(PROVIDED ENTRIES Opens)

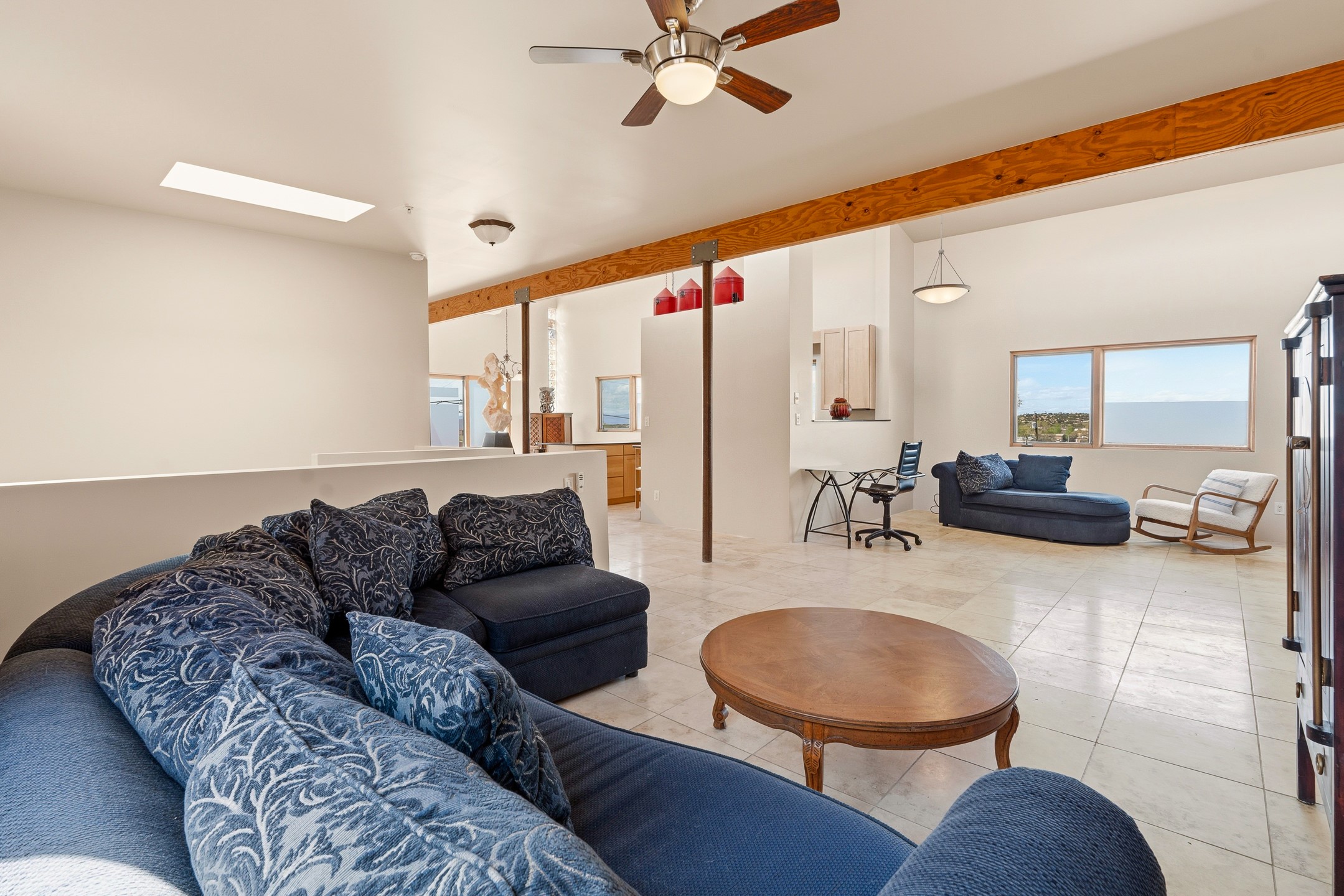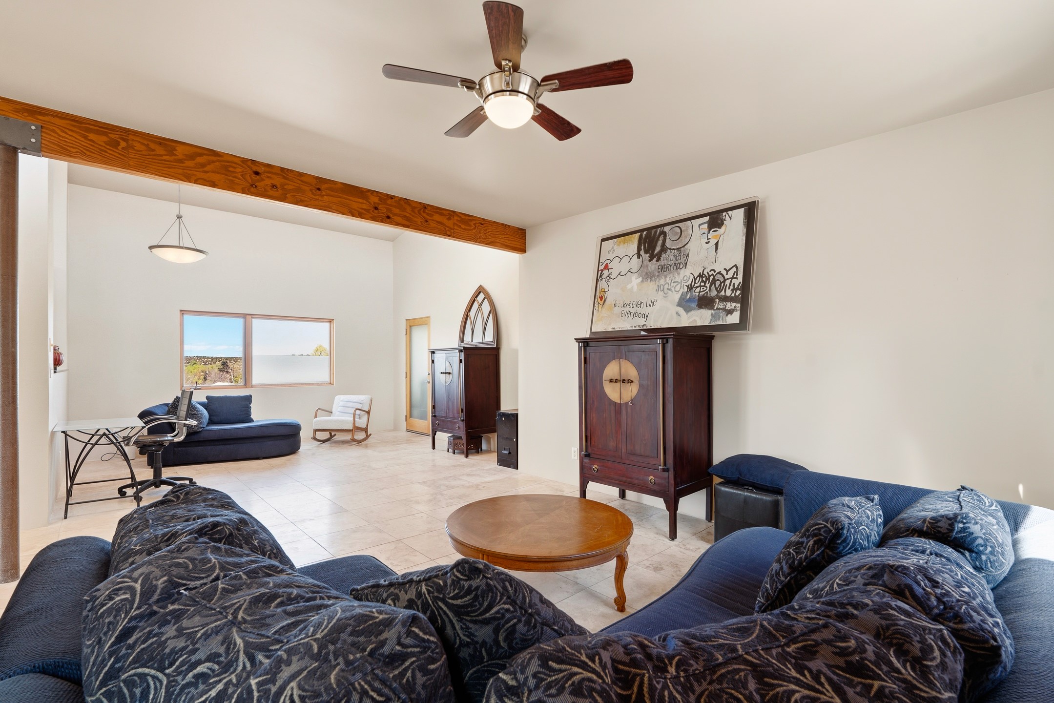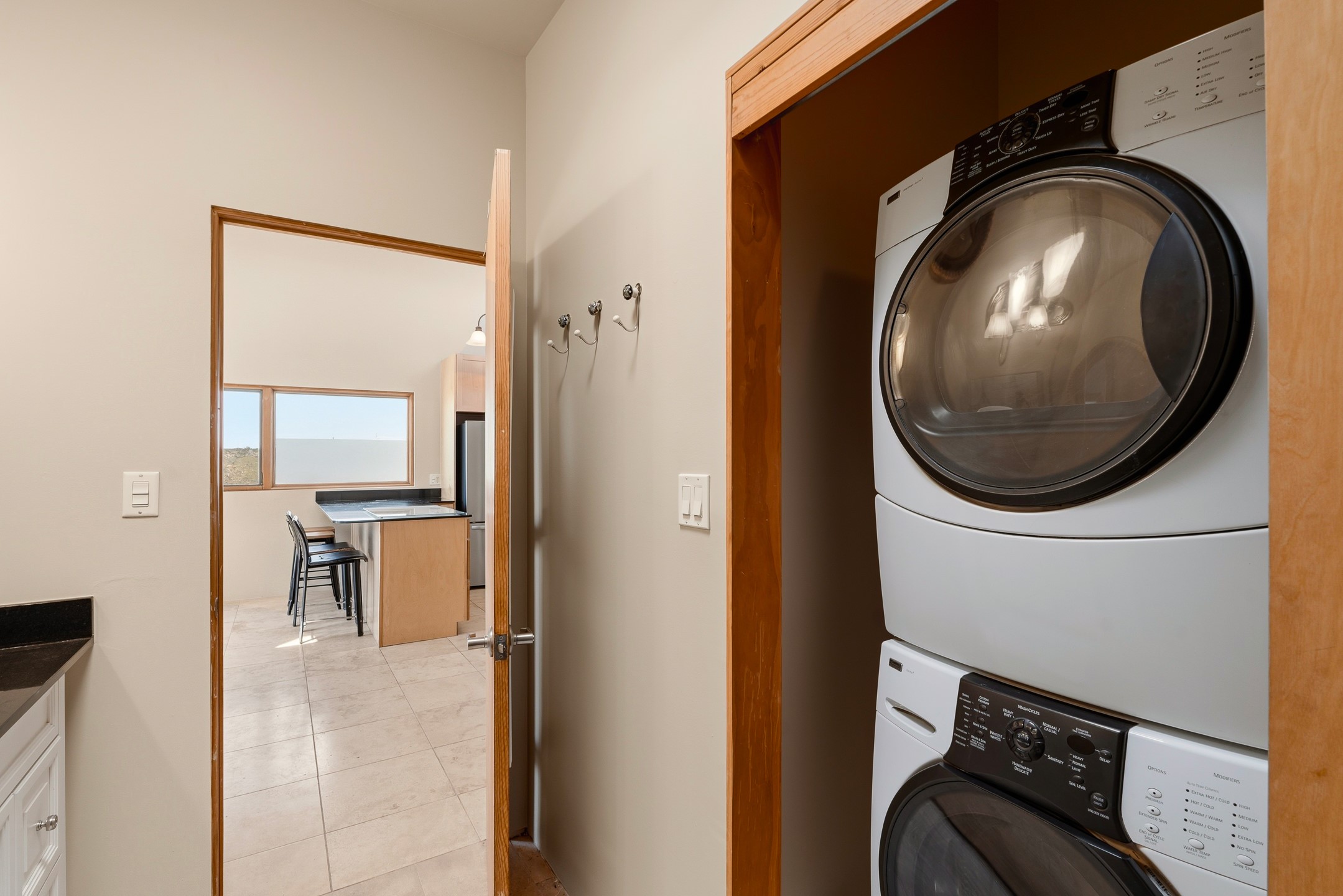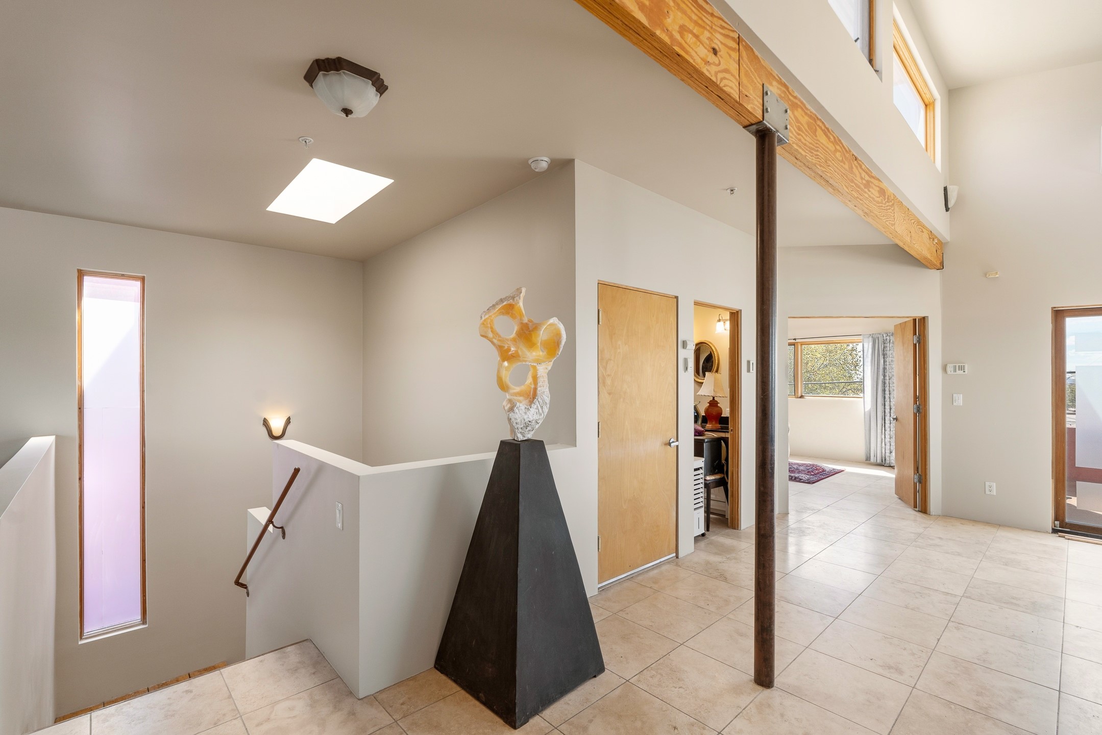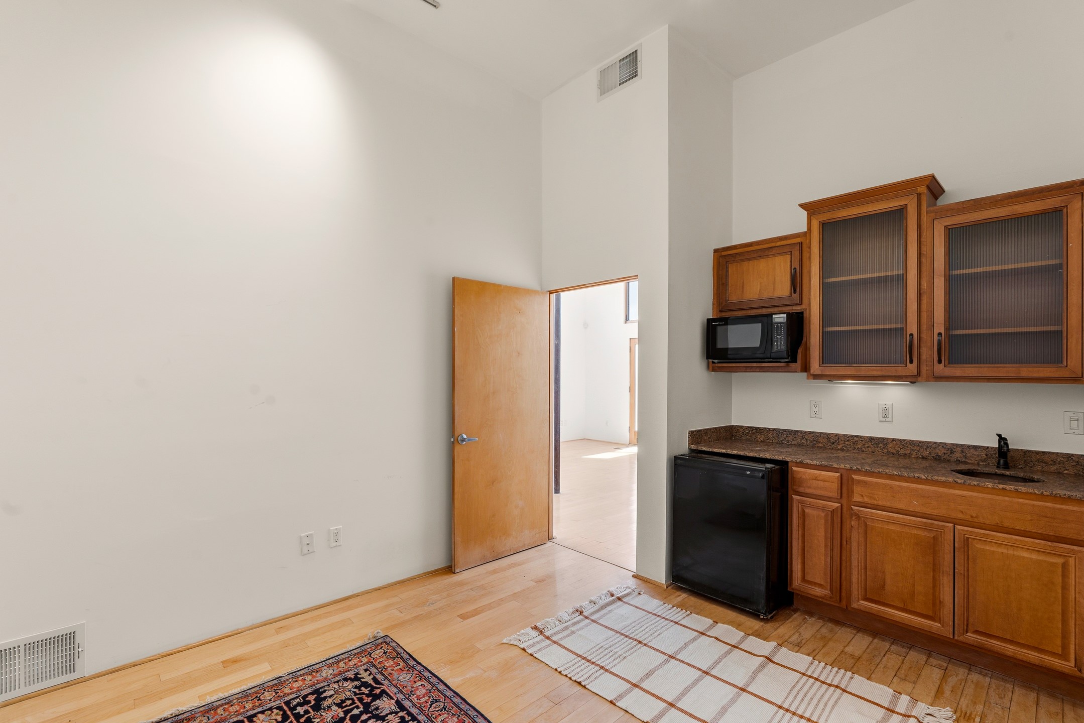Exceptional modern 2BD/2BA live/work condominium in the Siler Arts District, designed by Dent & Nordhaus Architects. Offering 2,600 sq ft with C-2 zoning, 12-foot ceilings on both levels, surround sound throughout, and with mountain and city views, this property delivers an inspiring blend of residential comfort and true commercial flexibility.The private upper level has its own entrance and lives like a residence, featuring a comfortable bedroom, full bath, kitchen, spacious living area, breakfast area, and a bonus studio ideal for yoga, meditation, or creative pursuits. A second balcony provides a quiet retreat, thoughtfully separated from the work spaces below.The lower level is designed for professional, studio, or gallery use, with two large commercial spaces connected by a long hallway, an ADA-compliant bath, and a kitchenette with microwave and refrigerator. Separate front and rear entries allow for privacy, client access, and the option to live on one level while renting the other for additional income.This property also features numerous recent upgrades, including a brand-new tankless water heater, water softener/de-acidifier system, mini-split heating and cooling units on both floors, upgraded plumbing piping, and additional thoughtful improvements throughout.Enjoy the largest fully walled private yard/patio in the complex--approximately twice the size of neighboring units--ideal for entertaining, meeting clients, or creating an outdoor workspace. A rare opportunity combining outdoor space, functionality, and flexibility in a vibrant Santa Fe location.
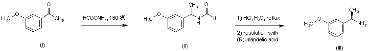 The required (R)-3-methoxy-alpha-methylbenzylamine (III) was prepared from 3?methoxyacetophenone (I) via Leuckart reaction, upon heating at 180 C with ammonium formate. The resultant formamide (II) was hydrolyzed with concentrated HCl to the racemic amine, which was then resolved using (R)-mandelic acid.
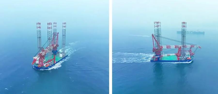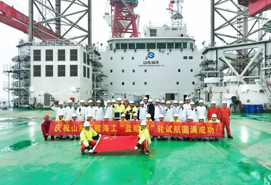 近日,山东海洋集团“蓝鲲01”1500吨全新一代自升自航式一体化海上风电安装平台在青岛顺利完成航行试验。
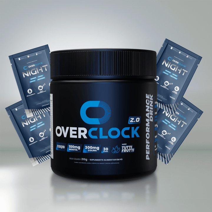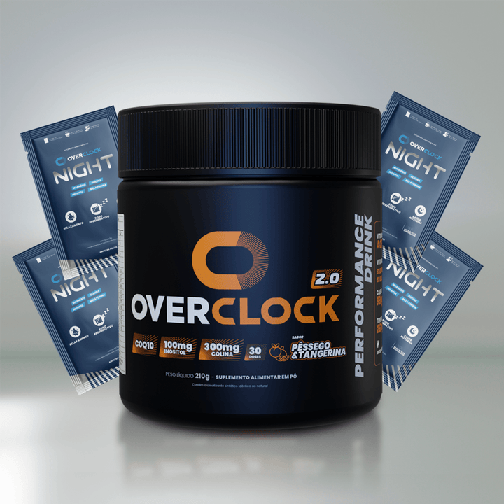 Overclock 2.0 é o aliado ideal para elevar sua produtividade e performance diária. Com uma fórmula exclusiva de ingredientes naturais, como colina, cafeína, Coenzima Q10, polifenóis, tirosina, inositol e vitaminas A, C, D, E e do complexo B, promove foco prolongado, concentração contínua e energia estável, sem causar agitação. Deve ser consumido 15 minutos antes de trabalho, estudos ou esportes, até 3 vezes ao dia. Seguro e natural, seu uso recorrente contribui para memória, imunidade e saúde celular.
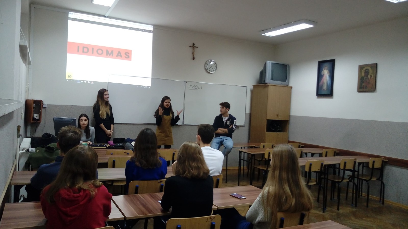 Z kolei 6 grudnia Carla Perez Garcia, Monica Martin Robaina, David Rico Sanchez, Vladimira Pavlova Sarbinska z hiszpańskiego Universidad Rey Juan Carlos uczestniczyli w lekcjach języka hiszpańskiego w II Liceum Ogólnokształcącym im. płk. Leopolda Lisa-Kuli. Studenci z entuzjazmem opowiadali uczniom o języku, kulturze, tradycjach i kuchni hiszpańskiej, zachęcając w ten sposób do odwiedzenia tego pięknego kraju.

(PROVIDED ENTRIES Closes)

Extract word for word every line from the line that contains "The required (R)-3-methoxy-alpha-methylbenzylamine" to the final line of the data, both included, and nothing else; skip the pictures.

 The required (R)-3-methoxy-alpha-methylbenzylamine (III) was prepared from 3?methoxyacetophenone (I) via Leuckart reaction, upon heating at 180 C with ammonium formate. The resultant formamide (II) was hydrolyzed with concentrated HCl to the racemic amine, which was then resolved using (R)-mandelic acid.
 近日,山东海洋集团“蓝鲲01”1500吨全新一代自升自航式一体化海上风电安装平台在青岛顺利完成航行试验。
 Overclock 2.0 é o aliado ideal para elevar sua produtividade e performance diária. Com uma fórmula exclusiva de ingredientes naturais, como colina, cafeína, Coenzima Q10, polifenóis, tirosina, inositol e vitaminas A, C, D, E e do complexo B, promove foco prolongado, concentração contínua e energia estável, sem causar agitação. Deve ser consumido 15 minutos antes de trabalho, estudos ou esportes, até 3 vezes ao dia. Seguro e natural, seu uso recorrente contribui para memória, imunidade e saúde celular.
 Z kolei 6 grudnia Carla Perez Garcia, Monica Martin Robaina, David Rico Sanchez, Vladimira Pavlova Sarbinska z hiszpańskiego Universidad Rey Juan Carlos uczestniczyli w lekcjach języka hiszpańskiego w II Liceum Ogólnokształcącym im. płk. Leopolda Lisa-Kuli. Studenci z entuzjazmem opowiadali uczniom o języku, kulturze, tradycjach i kuchni hiszpańskiej, zachęcając w ten sposób do odwiedzenia tego pięknego kraju.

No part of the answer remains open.